Mmmm. This isn't working! Just had a go, got 2 in both of which went straight through the bottle (filled with water) and out the bottom of it. And i hadn't pressed record on the camera.

I think i'll try that again!


----------



## Ram (Jan 19, 2011)

2nd attempt! Better this time i got 5 in.http://www.youtube.com/watch?v=vcgur59mxGE

I did my best with the video but it's a bit pants. it's difficult without someone to hold the camera, i'm never quite sure where it's pointing. 

Oh well, i've made it now so might as well post it !

If it doesn't fit the rules and doesn't count that's okay, i had a good time doing it


----------



## M.J (Nov 1, 2010)

Nice work, Alistaire!
I honestly think I'm not going to be able to do this one, it's just too small a target to get them to go in.
That looks like a winner to me!


----------



## Ram (Jan 19, 2011)

I think lead ammo is a big help. Looking at the balls afterwards it looks like some had hit the rim but still found a way in. I think steel would have bounced away.

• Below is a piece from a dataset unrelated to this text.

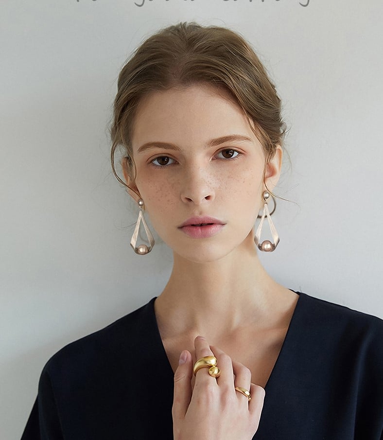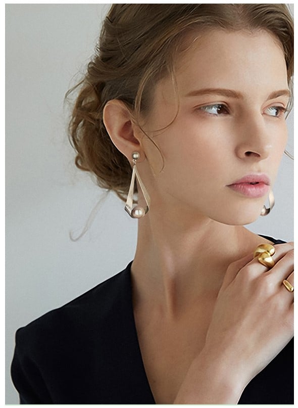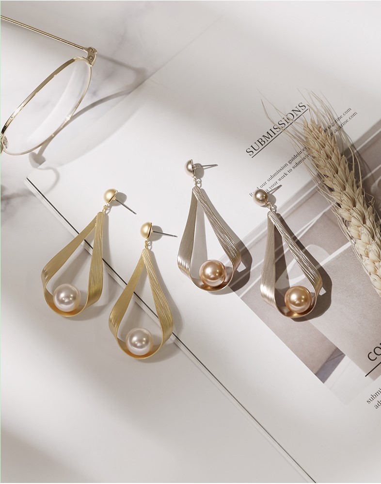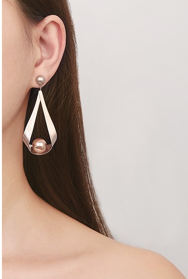 UZL DESIGN EARRINGS WITH STUD AND PEARL DROP CHARM IN GOLD PLATE

Btw, the bottle on a shoe box idea was a winner. The water less so lol. I've got a very wet floor hahaha.


----------



## slingshot_sniper (Feb 20, 2011)

Good shooting no point me putting my attempt of three BB's then


----------



## slingshot_sniper (Feb 20, 2011)

I was just thinking and not taking anything away from you MLTJ but I would've thought lead would shift all that and more I mean 3/8 steel just blasts the bottle edge when hit so what would lead do? just thinking


----------



## shot in the foot (Jan 3, 2010)

I had a go for a laugh, I only got one in, and that was 20 shots ha ha, then ive just had a other look at the topic, its not 15 yards its 15 feet, i thought it was hard, ha ha, jeff


----------



## Ram (Jan 19, 2011)

slingshot_sniper said:


> I was just thinking and not taking anything away from you MLTJ but I would've thought lead would shift all that and more I mean 3/8 steel just blasts the bottle edge when hit so what would lead do? just thinking


Just been giving the coke bottle a close inspection...
One of the balls that went in had a crescent moon shape of the rim on it, i would say that definitely smacked the rim hard (but went in and caused no damage). The red plastic ring that was on the bottle was removed by a miss, and subsequent misses have damaged the screw threads and bit of plastic that sticks out below the threads. There's no significant damage to the actual rim of the bottle at all though. I was using single tb gold bands, quite a light pull. I'm surprised that steel is doing so much damage, the rim (end on) is pretty tough. The bottom of the bottle is heavily damaged. I wonder if because lead is soft, a hit to the rim didn't cause a ricochet as such, but allowed the ball to spin in?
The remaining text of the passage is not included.